**Collected data**
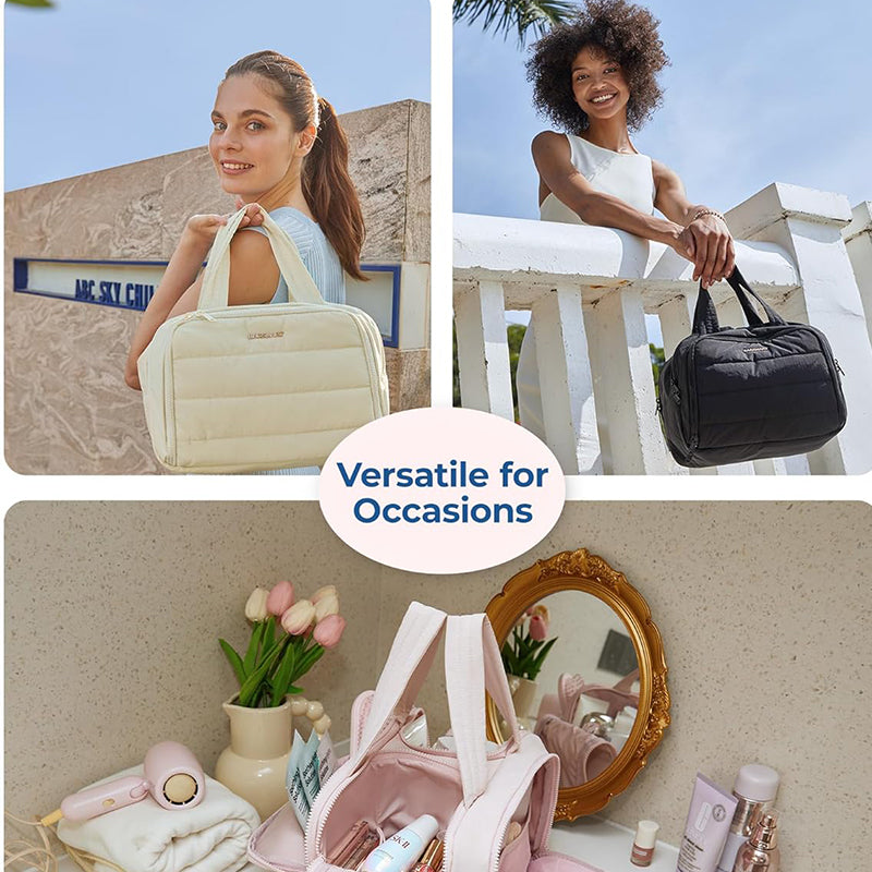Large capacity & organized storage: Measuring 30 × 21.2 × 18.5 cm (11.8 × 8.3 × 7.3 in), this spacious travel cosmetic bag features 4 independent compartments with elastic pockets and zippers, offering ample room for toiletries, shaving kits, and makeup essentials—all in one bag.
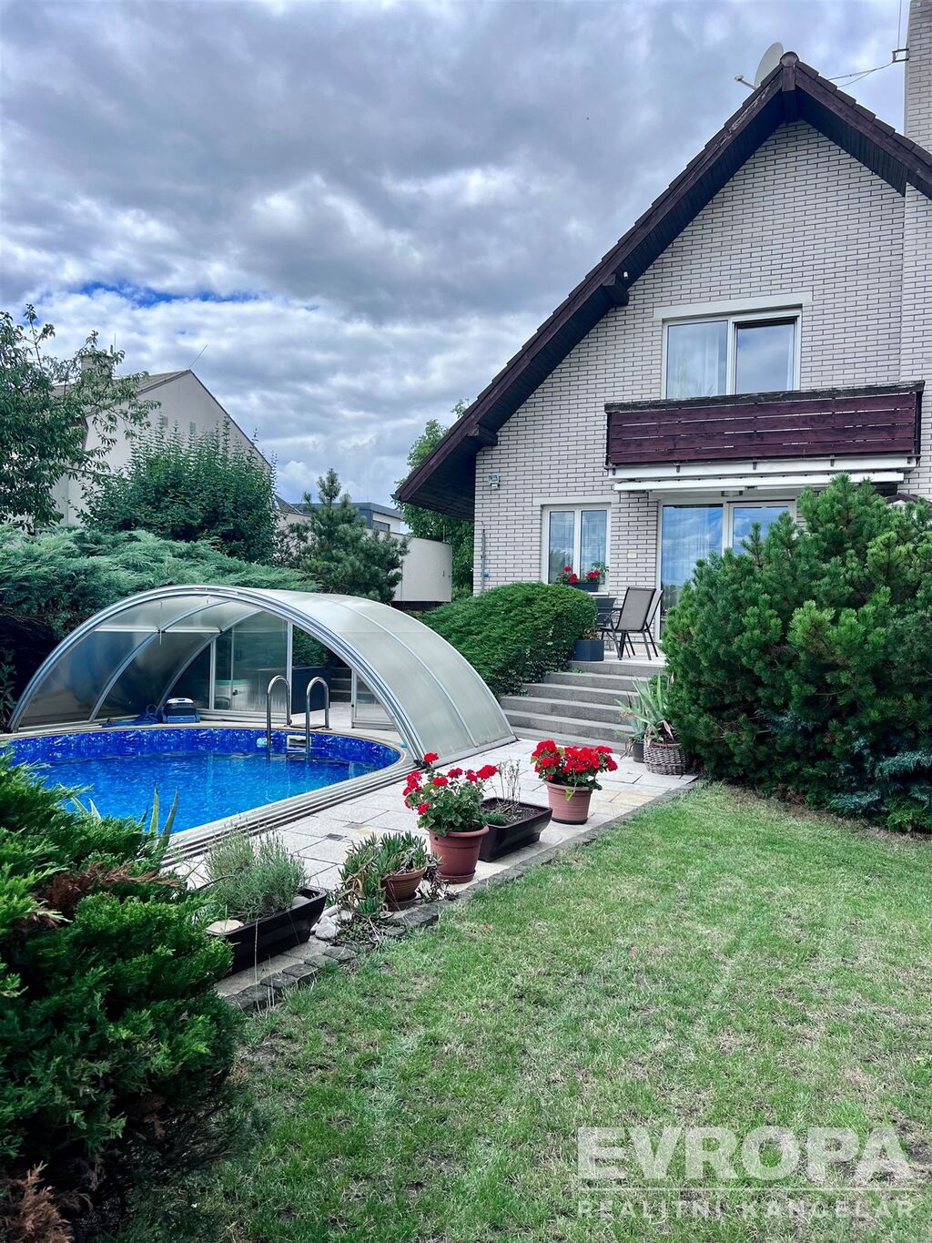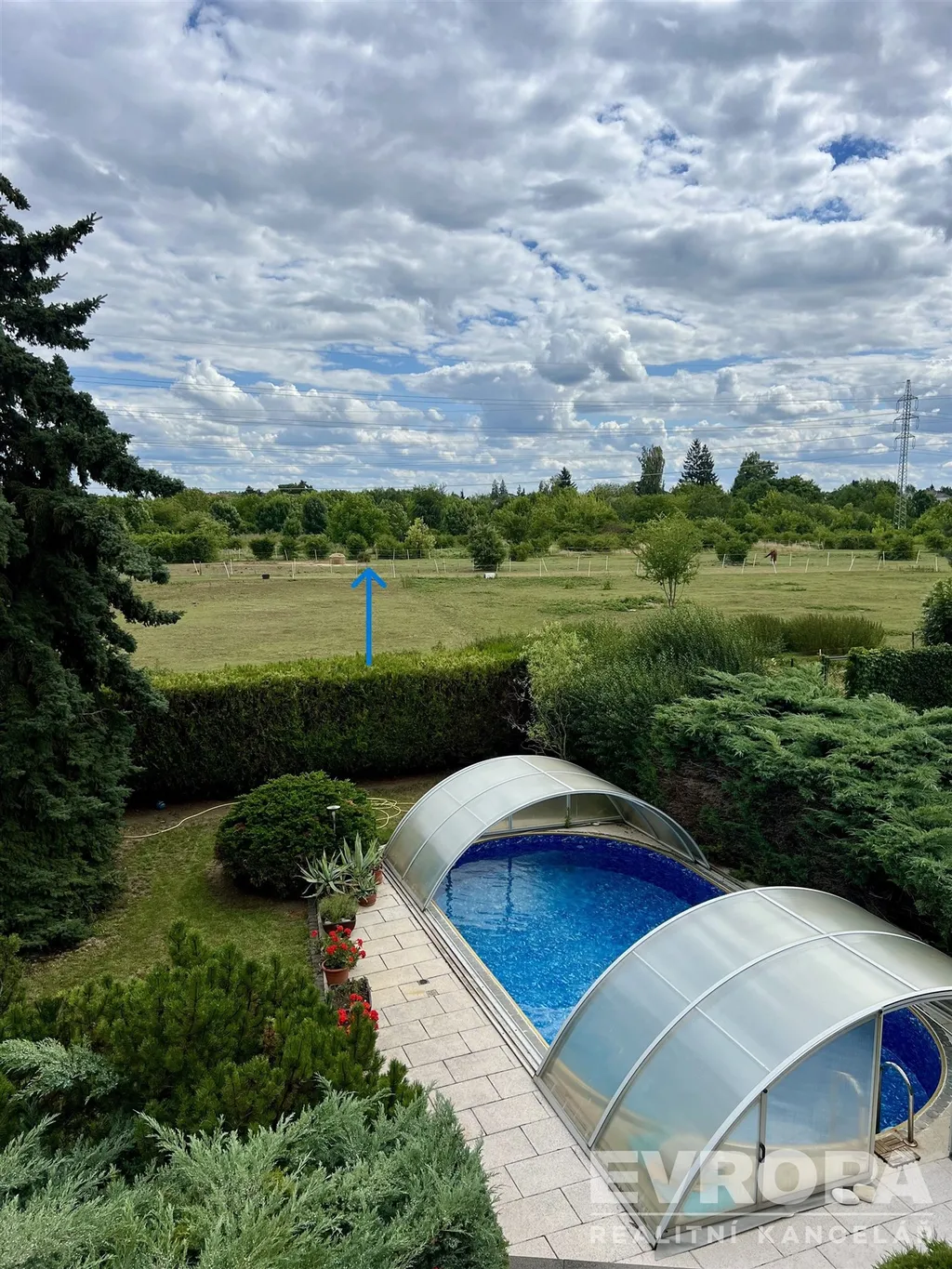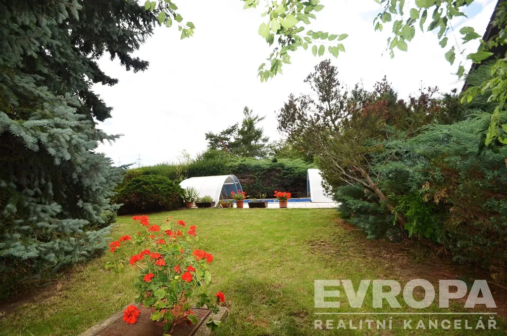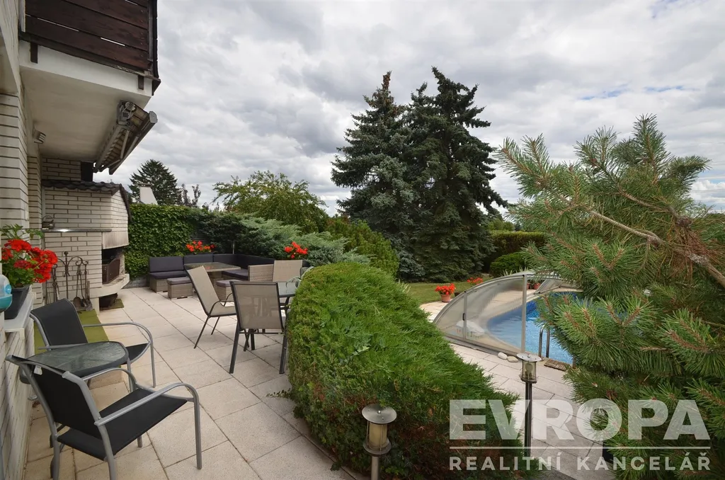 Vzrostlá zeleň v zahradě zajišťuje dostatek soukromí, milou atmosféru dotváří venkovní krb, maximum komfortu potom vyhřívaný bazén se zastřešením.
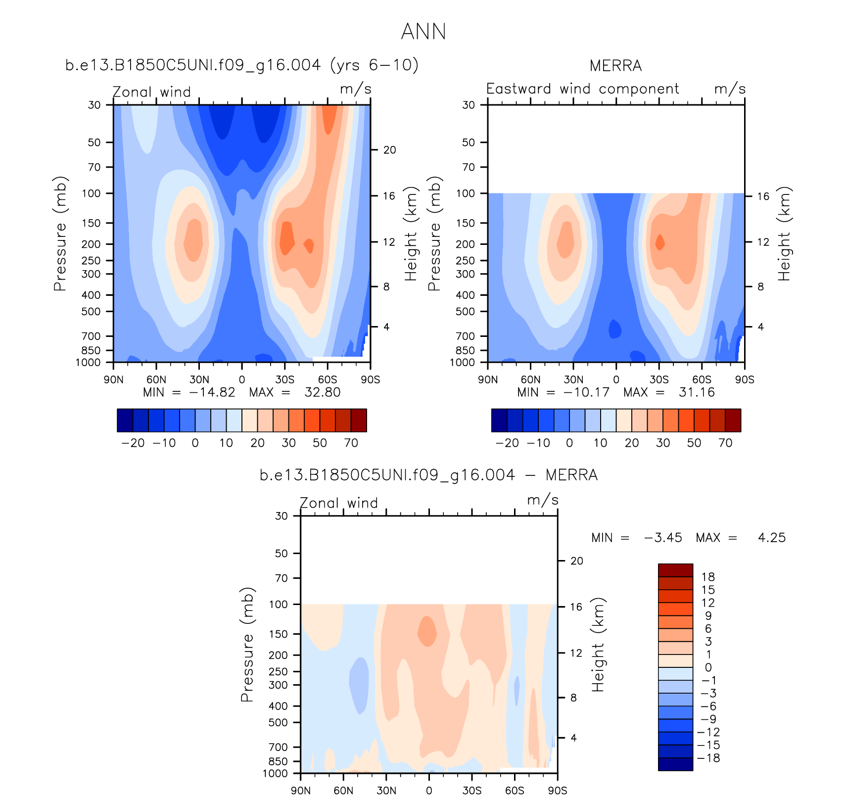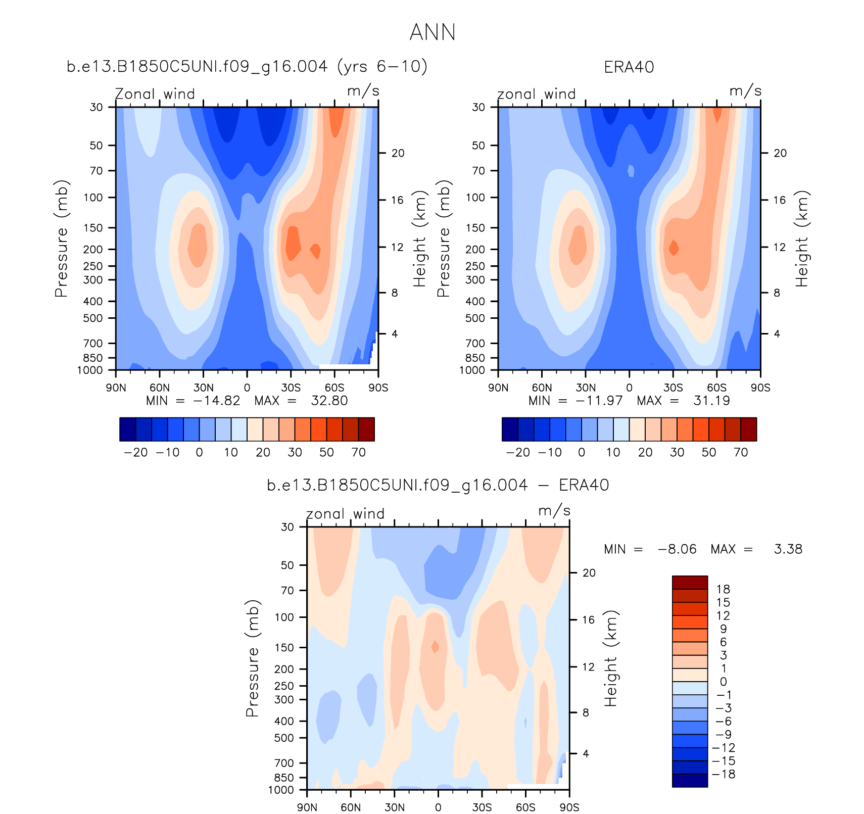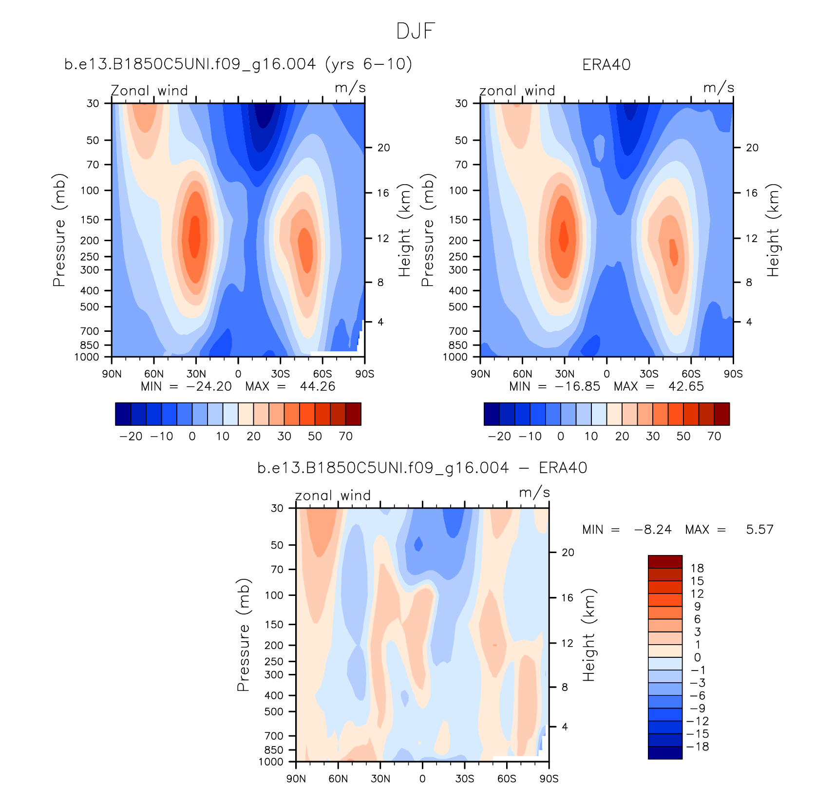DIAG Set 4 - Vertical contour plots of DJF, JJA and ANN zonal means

**Your goal**
Quote, exactly and only, the lines from the first line of the data above through the line containing "Vzrostlá zeleň v". The pictures do not belong in it.

**Reply**
Large capacity & organized storage: Measuring 30 × 21.2 × 18.5 cm (11.8 × 8.3 × 7.3 in), this spacious travel cosmetic bag features 4 independent compartments with elastic pockets and zippers, offering ample room for toiletries, shaving kits, and makeup essentials—all in one bag.
 Vzrostlá zeleň v zahradě zajišťuje dostatek soukromí, milou atmosféru dotváří venkovní krb, maximum komfortu potom vyhřívaný bazén se zastřešením.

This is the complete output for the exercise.